Intel(R) Extension for Scikit-learn* enabled (https://github.com/intel/scikit-learn-intelex)


In [2]:
import os
import time
import glob
import json

import numpy as np
import pandas as pd
from matplotlib.figure import Figure
import matplotlib.pyplot as plt

from xgboost import XGBClassifier
from sklearn.svm import LinearSVC
from sklearn.tree import DecisionTreeClassifier
from sklearn.ensemble import HistGradientBoostingClassifier, RandomForestClassifier
from sklearn.neighbors import KNeighborsClassifier
from sklearn.linear_model import LogisticRegression
from sklearn.model_selection import StratifiedKFold
from sklearn.metrics import (
    accuracy_score,
    precision_score,
    recall_score,
    f1_score,
    matthews_corrcoef,
    roc_auc_score,
    ConfusionMatrixDisplay,
    RocCurveDisplay,
    PrecisionRecallDisplay,
)

In [3]:
def create_model(model_name: str):
    with open(f"../scripts/models/best_params_{model_name}.json", "r") as f:
        params = json.load(f)
        if model_name == "knn":
            return KNeighborsClassifier(**params)
        elif model_name == "logistic_regression":
            return LogisticRegression(**params)
        elif model_name == "decision_tree":
            return DecisionTreeClassifier(**params)
        elif model_name == "random_forest":
            return RandomForestClassifier(**params)
        elif model_name == "gradient_boosting":
            return HistGradientBoostingClassifier(**params)
        elif model_name == "xgboost":
            return XGBClassifier(**params)
        elif model_name == "svm":
            return LinearSVC(**params)
        
        raise ValueError("Unknown model!")

## Cross Val Training

In [4]:
def cross_val(model_name: str, X, y):
    cv = StratifiedKFold(n_splits=10, shuffle=True, random_state=42)
    scores = {
        "model_name": model_name,
        "accuracy": [],
        "precision": [],
        "recall": [],
        "f1": [],
        "mcc": [],
        "roc_auc": [],
        "train_time": [],
        "test_time": [],
    }

    for fold_i, (train_idx, test_idx) in enumerate(cv.split(X, y)):
        print(f">>> Training fold {fold_i + 1}")

        # split data
        X_train, X_test = (
            X.iloc[train_idx],
            X.iloc[test_idx],
        )
        y_train, y_test = (
            y.iloc[train_idx],
            y.iloc[test_idx],
        )

        # fit model
        clf = create_model(model_name)

        start_train = time.time()
        clf.fit(X_train, y_train)
        elapsed_train = time.time() - start_train

        # run prediction
        start_test = time.time()
        y_pred = clf.predict(X_test)
        elapsed_test = time.time() - start_test

        # log metrics
        scores["accuracy"].append(accuracy_score(y_test, y_pred))
        scores["precision"].append(precision_score(y_test, y_pred))
        scores["recall"].append(recall_score(y_test, y_pred))
        scores["f1"].append(f1_score(y_test, y_pred))
        scores["mcc"].append(matthews_corrcoef(y_test, y_pred))
        scores["roc_auc"].append(roc_auc_score(y_test, y_pred))
        scores["train_time"].append(elapsed_train)
        scores["test_time"].append(elapsed_test)

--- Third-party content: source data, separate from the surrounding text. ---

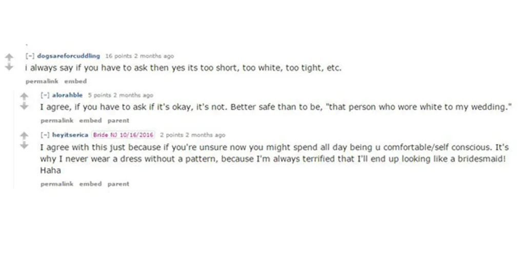 But what about items of clothing that feature the ~FoRbIdDeN~ colours as part of a pretty pattern? Well one Reddit user, honeycomehome, has asked just this, sharing a picture of a white and red floral dress with the question ‘is this dress too white to wear to a wedding?’.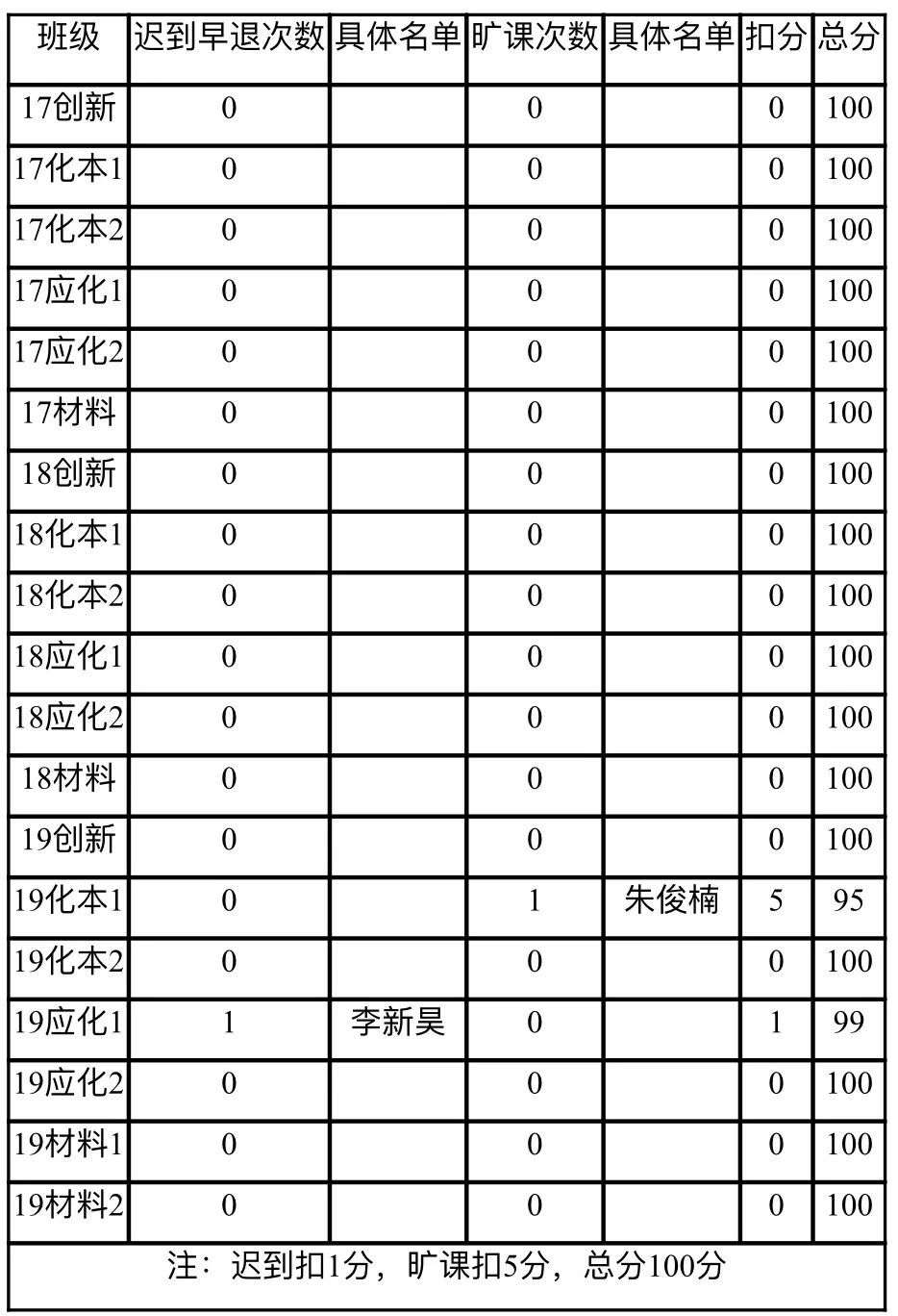 为保证疫情期间线上教学顺利展开、加强我院的学风建设、督促学生按时参与线上课程,现对2019-2020学年第二学期第十四周考勤情况进行通报。每天由各班负责人统计各科出勤情况并上报,最终一周的考勤情况于每周五进行汇总公布。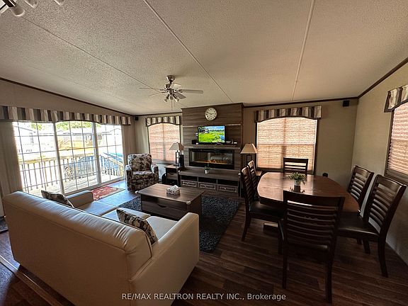 Largest Model3 bedroom, 2 full bathroom cottage at Vine Ridge Resort in Queenston open from May 1st to October 31st. Close to Niagara Falls, Niagara-On-The-Lake, hiking, cycling, the Niagara River Parkway, golfing, award winning wineries and outlet mall shopping. This unit comes fully furnished, has a beautiful deck, a metal gazebo with lighting and shed for storage. The main bedroom has a Queen size bed, the two additional bedrooms have bunk beds. The living room has a pullout couch so at full capacity can sleep 10 people! This is a great investment property or a place to enjoy through the summer months. A/C and heating for seasonal enjoyment this is move in ready! Resort Cottage owners pay for their own propane and insurance. The annual resort management fee includes unlimited use of all resort facilities for you, your family and guests, resort maintenance, water and sewage, hydro, grass cutting, WiFi in welcome centre, Kids Klub, 1 acre splash pad, inground pool, multi sport courts, playground and special events. The annual resort fees have been paid in full for 2021. This unit has hardly ever been used so it is in mint condition. storage shed, all china & cutleries, mattresses, 2025 Site Fees Paid ($9,288), Bbq, tv, gazebo, heaters and all patio furniture and much more are all included. One of the sellers is a Realtor.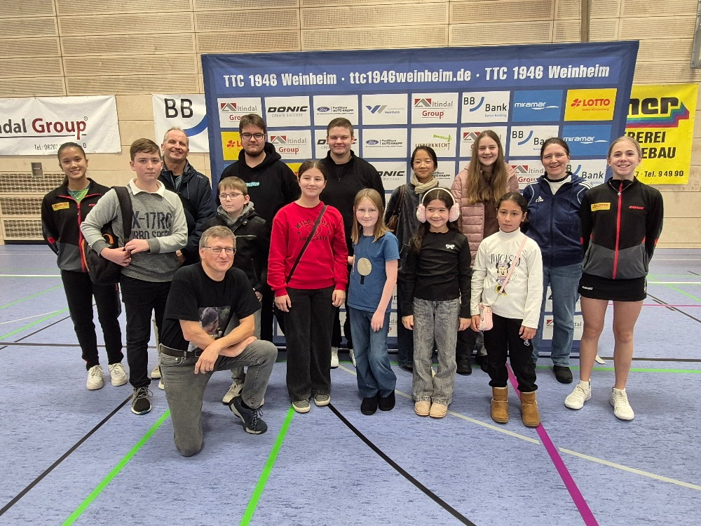 Mit der Bahn ging es zum amtierenden Deutschen Meister TTC Weinheim zum Heimspiel der Bundesliga-Damen gegen den TSV Langstadt. Dass Weinheim verletzungsbedingt auf seine Spitzenspielerin Yuan Wan verzichten musste, die gerade mit der Deutschen Nationalmannschaft den Europameistertitel geholt hatte, war für die Eberbacher Zuschauer Fluch und Segen zugleich, denn dafür durfte der Weinheimer Nachwuchs an die Platte.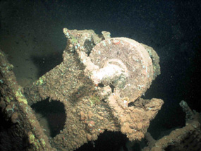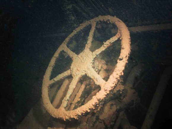 Nonostante la limpidezza dell’acqua non riesco a distinguere la fine dello scafo, lungo circa 150 metri e il mio sguardo si perde nel blu; il grande monumento del mare è appoggiato su un fianco su un fondale di sabbia bianca che vedo distintamente sotto di me , il sole avvolge interamente lo scheletro della nave che può essere visitato nella sua totalità dai subacquei immune dal buio delle profondità abbissali.Lungo i numerosi ponti la luce entra con prepotenza dai grandi spazi aperti per poi trovare un altro punto d’uscita creando dei giochi di luce che esaltano maggiormente le numerose concrezioni di corallo sparse lungo la lamiera.Continuiamo la perlustrazione , notiamo le numerose cabine con i servizi chiaramente riconoscibili, i rubinetti intonsi. Lungo i ponti si vedono numerosi argani, maniche a vento e due pale dell’elica di rispetto che mi sovrastano completamente nella loro altezza.Ovunque c’è vita, una vita microscopica che si perde negli immensi spazi di questo gigante del mare.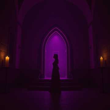 Medieval Gothic music in a dark wave style, with female vocals and whispering female choirs, instrumental music including cello, duduk, violins, timpani, and tuba.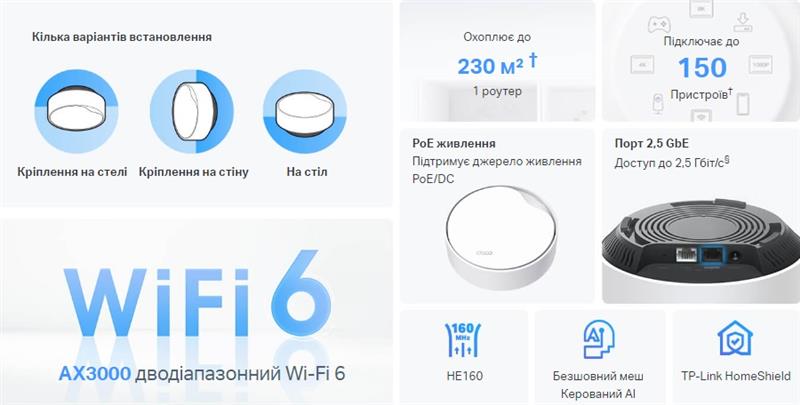 Характеристики WiFi Mesh система TP-Link Deco X50 PoE (1-pack)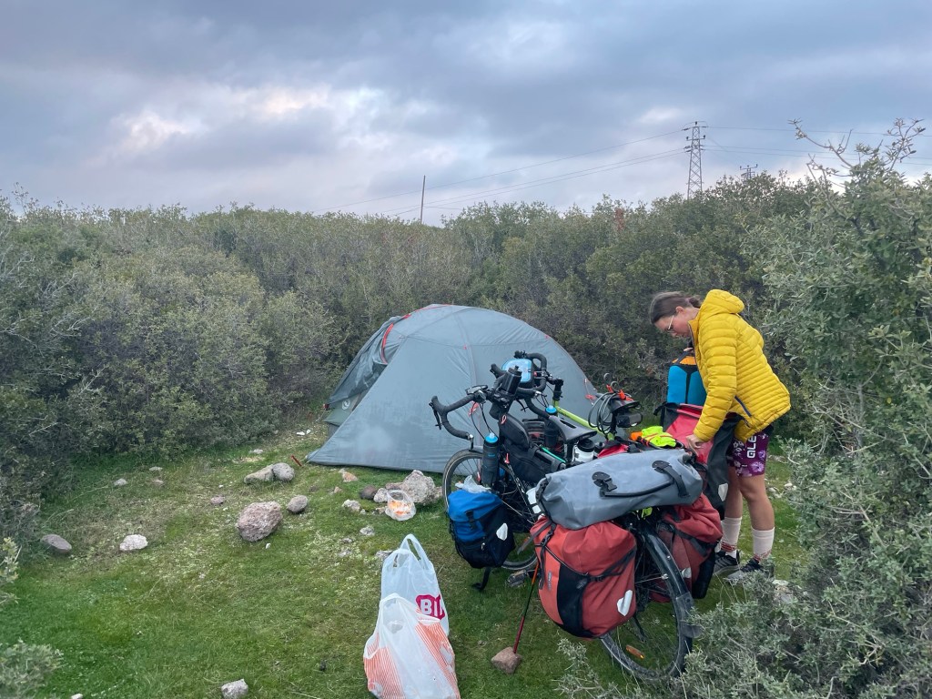 The pitch near the sea was nice, there were hot showers and even a kitchen. After we’d washed and pitched, we sat on a wooden bench eating those long desired noodles. They went down well. It had really warmed up and we sat outside the rest of the evening. The host came over to ask about the lights and we were very happy for her to turn them all off.

        # plot confusion matrix
        fig = Figure()
        ax = fig.subplots()
        ConfusionMatrixDisplay.from_predictions(y_test, y_pred, ax=ax)
        fig.savefig(f"./plots/{model_name}-cm-{fold_i + 1}.png")

        # plot ROC
        fig = Figure()
        ax = fig.subplots()
        RocCurveDisplay.from_predictions(y_test, y_pred, ax=ax)
        fig.savefig(f"./plots/{model_name}-roc-{fold_i + 1}.png")

        # plot precision-recall
        fig = Figure()
        ax = fig.subplots()
        PrecisionRecallDisplay.from_predictions(y_test, y_pred, ax=ax)
        fig.savefig(f"./plots/{model_name}-prc-{fold_i + 1}.png")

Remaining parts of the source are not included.